### Problem
Below this sentence is a listing; return exactly its lines from the one with "Ralph Lauren denim" to the one with "LE VIGI STAR", both kept, and nothing more.

### Study material
Start of Block

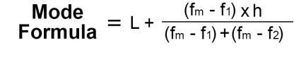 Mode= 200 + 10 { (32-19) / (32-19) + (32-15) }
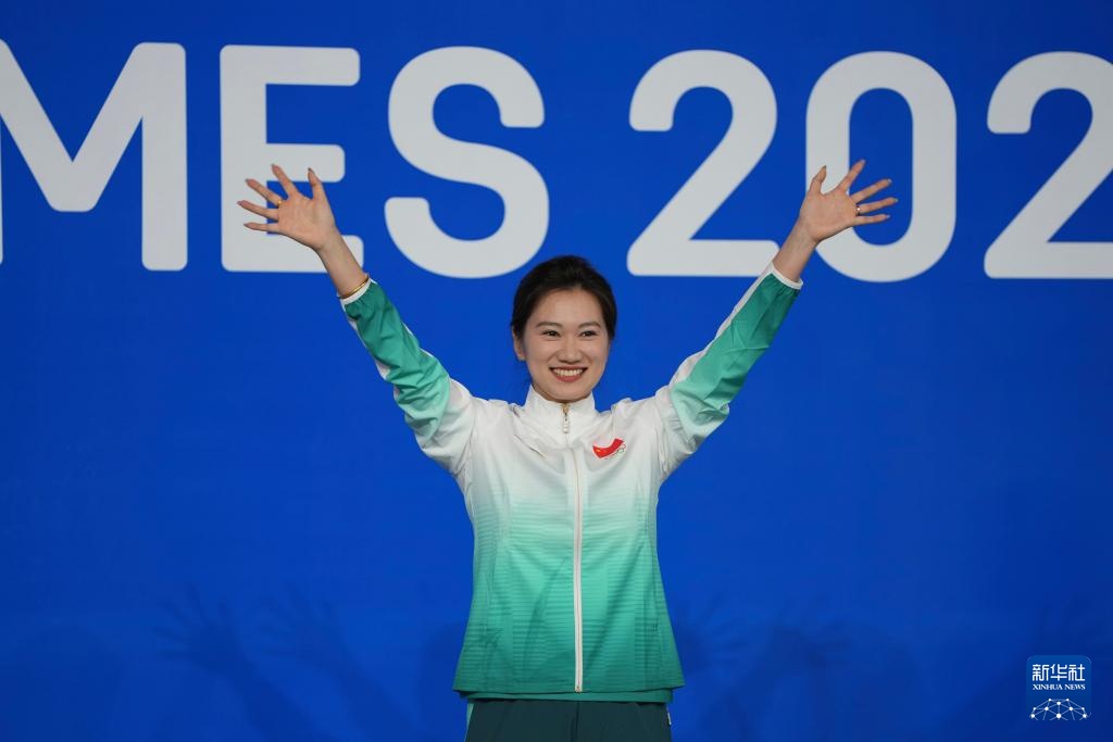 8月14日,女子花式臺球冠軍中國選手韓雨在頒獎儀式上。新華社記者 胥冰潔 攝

End of Block
Start of Block

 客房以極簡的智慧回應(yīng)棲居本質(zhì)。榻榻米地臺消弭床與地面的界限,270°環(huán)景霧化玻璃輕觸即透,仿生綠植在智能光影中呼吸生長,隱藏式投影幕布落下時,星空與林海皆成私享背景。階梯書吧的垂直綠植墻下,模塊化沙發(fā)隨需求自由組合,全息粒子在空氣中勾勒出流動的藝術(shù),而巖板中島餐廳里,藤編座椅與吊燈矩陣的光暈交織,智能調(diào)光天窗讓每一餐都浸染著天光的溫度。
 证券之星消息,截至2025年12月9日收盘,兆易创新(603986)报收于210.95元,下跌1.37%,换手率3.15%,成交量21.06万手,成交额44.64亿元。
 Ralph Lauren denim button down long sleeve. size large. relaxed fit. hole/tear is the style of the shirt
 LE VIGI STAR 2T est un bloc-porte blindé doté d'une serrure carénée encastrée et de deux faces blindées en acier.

End of Block
Start of Block

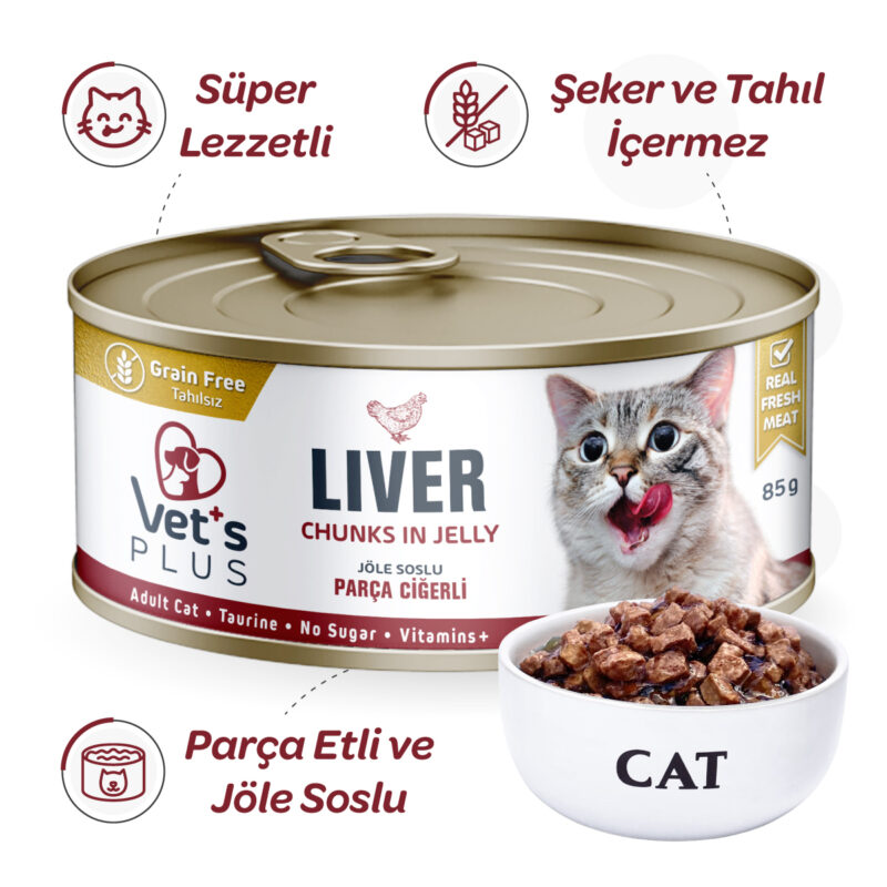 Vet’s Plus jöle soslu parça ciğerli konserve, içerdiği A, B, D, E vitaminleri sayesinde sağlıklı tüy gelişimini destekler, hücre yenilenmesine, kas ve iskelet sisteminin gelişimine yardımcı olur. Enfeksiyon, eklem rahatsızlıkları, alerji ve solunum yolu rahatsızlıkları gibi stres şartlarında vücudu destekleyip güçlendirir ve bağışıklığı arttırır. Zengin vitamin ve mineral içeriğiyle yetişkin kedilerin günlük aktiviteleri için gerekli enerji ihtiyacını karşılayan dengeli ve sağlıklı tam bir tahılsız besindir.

End of Block

### Exercise result
 Ralph Lauren denim button down long sleeve. size large. relaxed fit. hole/tear is the style of the shirt
 LE VIGI STAR 2T est un bloc-porte blindé doté d'une serrure carénée encastrée et de deux faces blindées en acier.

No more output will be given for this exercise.